Closed form of finite Euler sum $\sum_{k=1}^n \frac{ H_{k}}{(2k+1)}$

Recently (Finite sums of products of harmonic numbers like $\sum_{k=1}^n H_{k} H_{2k}$) I came across this finite Euler sum

$$p_{2}(n) = \sum_{k=1}^n \frac{H_{k}}{2k+1}\tag{1}$$

and I wonder if it has a closed form.

Closed form means in this context expressible terms in harmonic numbers, similar to the relation

$$\sum_{k=1}^n H_{k} = (n+1)H_{n}-n\tag{2}$$

The contrary would be that $p_{2}(n)$ is irreducible, or that it belongs to class of irreducible sums.

Writing $H_{k}=\sum_{i=1}^k 1/i$ and interchanging the order of summation we get the relation

$$\sum_{k=1}^n \frac{H_{k}}{2k+1}=\frac{1}{2} H_n H_{n+\frac{1}{2}}-\frac{1}{2}\sum_{k=1}^{n}\frac{H_{k-\frac{1}{2}}}{k}\tag{3}$$

This leads us to define

$$p_{3}(n) = \sum_{k=1}^{n}\frac{H_{k-\frac{1}{2}}}{k}\tag{4}$$

and the question of a closed form has shifted to another sum.

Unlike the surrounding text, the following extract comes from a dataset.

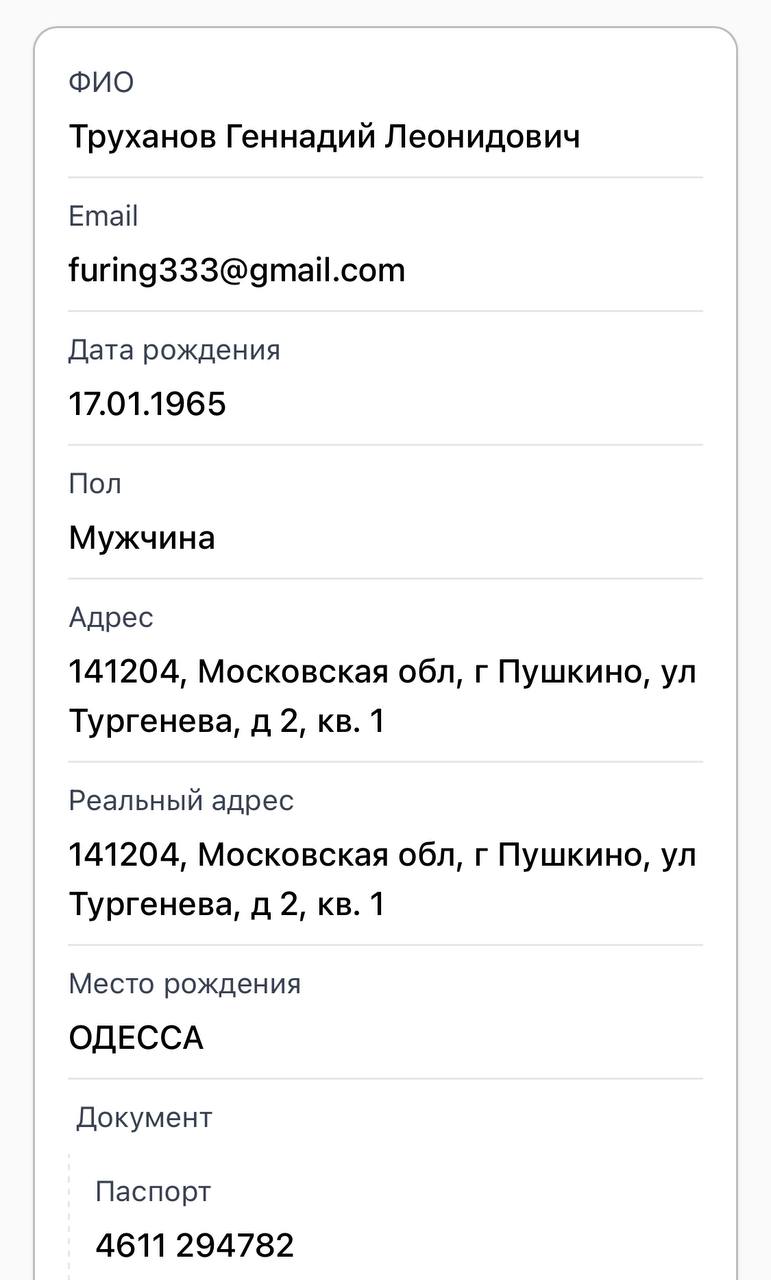 Він також додав, що інформація про серію і номер паспорта, прописку та дату видачі також узгоджується із відомостями, які раніше публікували українські журналісти.

Lets simplify the sum first: \begin{align} \sum_{k=1}^n\frac{H_k}{2k+1}=\sum_{k=0}^n\frac{H_k}{2k+1}=\sum_{k=1}^{n+1}\frac{H_{k-1}}{2k-1}=\color{blue}{\sum_{k=1}^n\frac{H_{k-1}}{2k-1}}+\frac{H_n}{2n+1}\tag{1} \end{align} Now apply Abel's summation to the blue sum:

$\displaystyle\sum_{k=1}^n a_k b_k=A_nb_{n+1}+\sum_{k=1}^{n}A_k\left(b_k-b_{k+1}\right)\ $ where $\ \displaystyle A_n=\sum_{i=1}^n a_i\ $

and by letting let $\ \displaystyle a_k=\frac{1}{2k-1}\ $ , $\ \displaystyle b_k=H_{k-1}$, we get \begin{align} \sum_{k=1}^n\frac{H_{k-1}}{2k-1}&=\left(\sum_{i=1}^n\frac1{2i-1}\right)H_n+\sum_{k=1}^n\left(\sum_{i=1}^k\frac1{2i-1}\right)\left(H_{k-1}-H_k\right)\\ &=\left(H_{2n}-\frac12H_n\right)H_n+\sum_{k=1}^n\left(H_{2k}-\frac12H_k\right)\left(-\frac1k\right)\\ &=H_nH_{2n}-\frac12H_n^2-\sum_{k=1}^n\frac{H_{2k}}{k}+\frac12\sum_{k=1}^n\frac{H_k}{k}\\ &=H_nH_{2n}-\frac12H_n^2-\sum_{k=1}^n\frac{H_{2k}}{k}+\frac12\left(\frac12H_n^2+\frac12H_n^{(2)}\right)\\ &=H_nH_{2n}-\frac14H_n^2+\frac14H_n^{(2)}-\sum_{k=1}^n\frac{H_{2k}}{k}\tag{2} \end{align}

Plugging $(2)$ in $(1)$, we get

$$\sum_{k=1}^n\frac{H_k}{2k+1}=H_nH_{2n}-\frac14H_n^2+\frac14H_n^{(2)}+\frac{H_n}{2n+1}-\sum_{k=1}^n\frac{H_{2k}}{k}$$

Maybe the last sum has a closed form? I hope you find this approach useful.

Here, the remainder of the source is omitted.